# iCost
iCost is a Python library for instance-level cost-sensitive learning, fully compatible with scikit-learn. It extends traditional cost-sensitive classification by dynamically adjusting sample costs based on instance complexity. Multiple strategies have been incorporated into the algorithm, and it works with any scikit-learn classifier that supports sample_weight.
### Requirements:
[](https://www.python.org/downloads/)
[](https://scikit-learn.org/stable/)
[](https://numpy.org/)
[](https://pandas.pydata.org/)


### Key Features:
- Support for any scikit-learn compatible classifier as the base model.

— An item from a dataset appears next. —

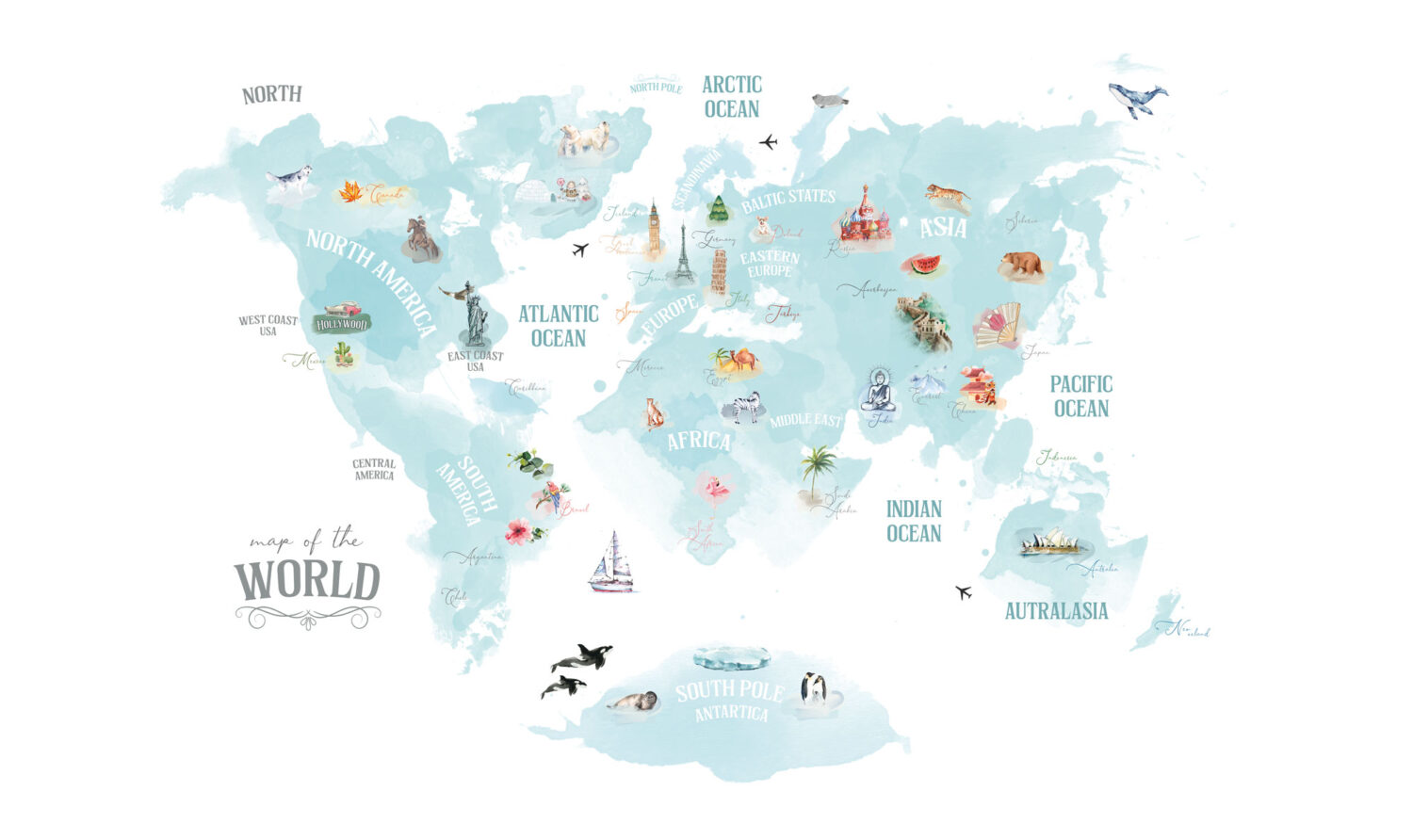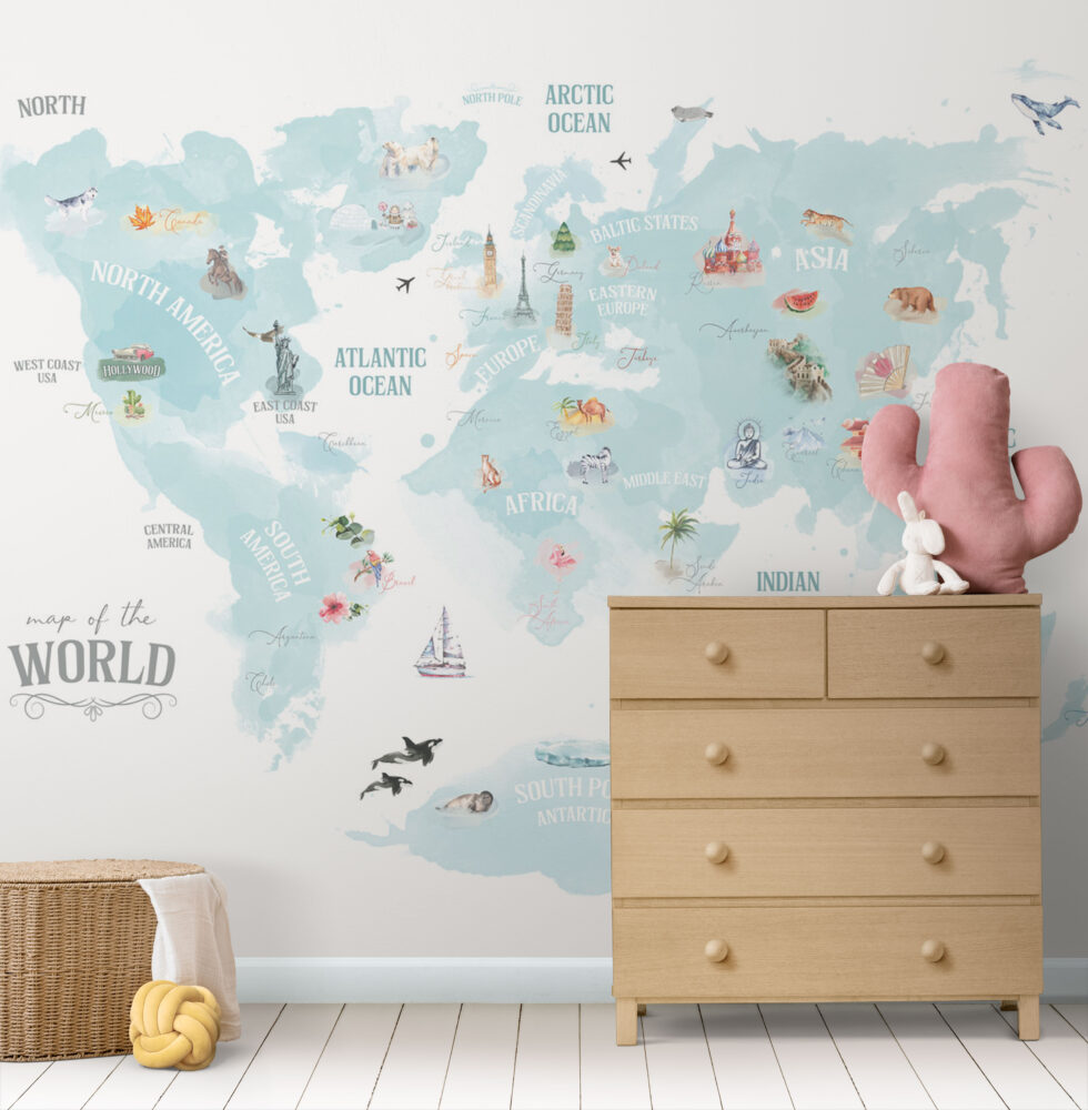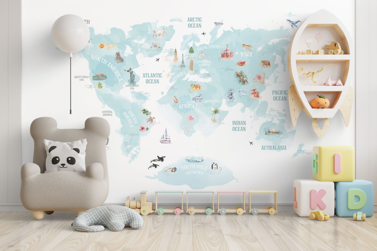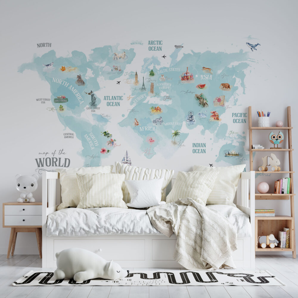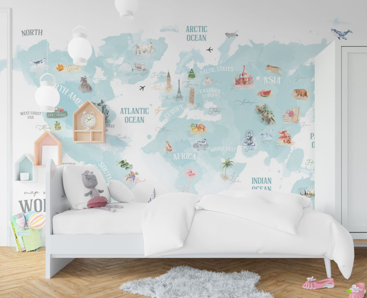 Turkuaz Hayvanlı Dünya Haritası Duvar Kağıdı | Duvar Kağıdı Marketi üretimi, uygulanmasını isteyeceğiniz boyut ve konumuna uygun olarak talepleriniz doğrultusunda size özel imal edilir.

- Multiple strategies for cost-sensitive learning:
-- ncs → no cost (baseline).
-- org → original sklearn-style cost-sensitive (all minority weighted by imbalance ratio).
-- mst → MST-based linked vs. pure minority categorization.
-- neighbor → neighbor-based categorization with three sub-modes.
- Neighbor-based categorization (5-NN):
-- Mode 1 → safe, pure, border.
-- Mode 2 → safe, border, outlier.
-- Mode 3 → fine-grained categories g1–g6 with user-defined penalties.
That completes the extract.